Os pés dela flutuavam pela noite viçosa enquanto seus próprios olhos cristalizavam o agradável sabor, o deleite de nadar pelo ar como quem desbrava o oceano. As bochechas coraram com o frescor de palavras soltas e despretensiosas, elevou-se aos céus a ideia que tinha de si mesma. Ria-se de como o quadro das últimas semanas haviam se pintado em sua frente: o céu e logo depois o inferno, as sutis loucuras, as distrações e deliciosamente outra vez, o céu. O céu. O céu. O céu. O sentimento risonho. As imensas estrelas cadentes pipocando em suas profundezas. As palavras delicadas. As palavras suaves.
Ela apreciou por dias a surpresa escondida nos minutos silenciosos, não conseguira decifrá-los, mas alguém – havia alguém! – o fez por ela. E só então, após a tortura da queda, pôde saborear e degustar a doce chegada ao topo.

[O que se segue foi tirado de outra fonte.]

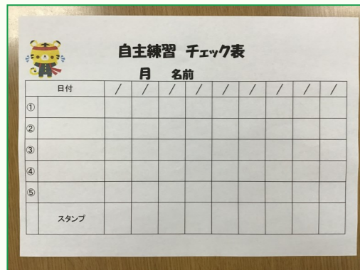
自主トレチェック表

通所リハビリでは個別での運動療法以外に、利用者様ご自身でリハビリが取り組めるよう様々なリハビリグッズを用意しています。 手作業のコーナーでは種類が充実し、ボタンや洗濯はさみを使った手や指先のリハビリ、パズルや積み木を使った頭のリハビリなどができます。 運動のコーナーでは腕や脚、体幹など部位別の自主トレカードを新たに作成しました。バイキング形式で好きな運動を選び、チェック表を使いながら自主トレに取り組めるようになったのでぜひ使用してみてください。 どんな運動をすればいいかわからない方は、目標にあわせた運動を選んでアドバイスしますのでリハビリスタンプにいつでも相談してください。 またリハビリエリアも広くなり使い易くなったので、ぜひ自主トレをやってみましょう。

segunda-feira, 4 de outubro de 2010

Em Um Carrossel


Compus canções inteiras para os aromas exalados por tuas peles para que pudesse revisitar teus cheiros todas as vezes que me sentisse só e armazenei todas as fotos dos nossos risos nas madrugadas passadas em claro.
A minha visão turva não escondeu as memórias claras e espontâneas, nem mesmo a sensação das gotas gélidas de tempestade caindo sobre meu corpo exausto e satisfeito. Não tive sono nem por um segundo – se tal momento existiu, pairou no ar fragilmente e esvaiu-se pelo chão molhado com uma naturalidade imperceptível.
Tudo se encaixava facilmente, num minúsculo quebra-cabeças de meia dúzia de peças. Não havia um mundo a se preocupar, éramos crianças em um parque de diversões vazio, um pequeno grupo agitando-se contra a intensidade do tempo. Éramos Phoebe girando no seu carrossel com Holden a nos observar. Éramos Phoebe, e só agora me dou conta.

“Puxa, aí começou a chover pra burro. Um dilúvio, juro por Deus. (...) Mas nem liguei. Me senti feliz de repente, vendo a Phoebe passar e passar. Pra dizer a verdade, eu estava a ponto de chorar de tão feliz que me sentia. Sei lá por quê. É que ela estava tão bonita, do jeito que passava rodando e rodando, de casaco azul e tudo. Só a gente estando lá para ver.”
(O Apanhador no Campo de Centeio, pág. 204)

Eu confesso: meus pés ainda estão cansados e minha cabeça ainda dói de tanto girar, mas ah! Só estando lá para ver.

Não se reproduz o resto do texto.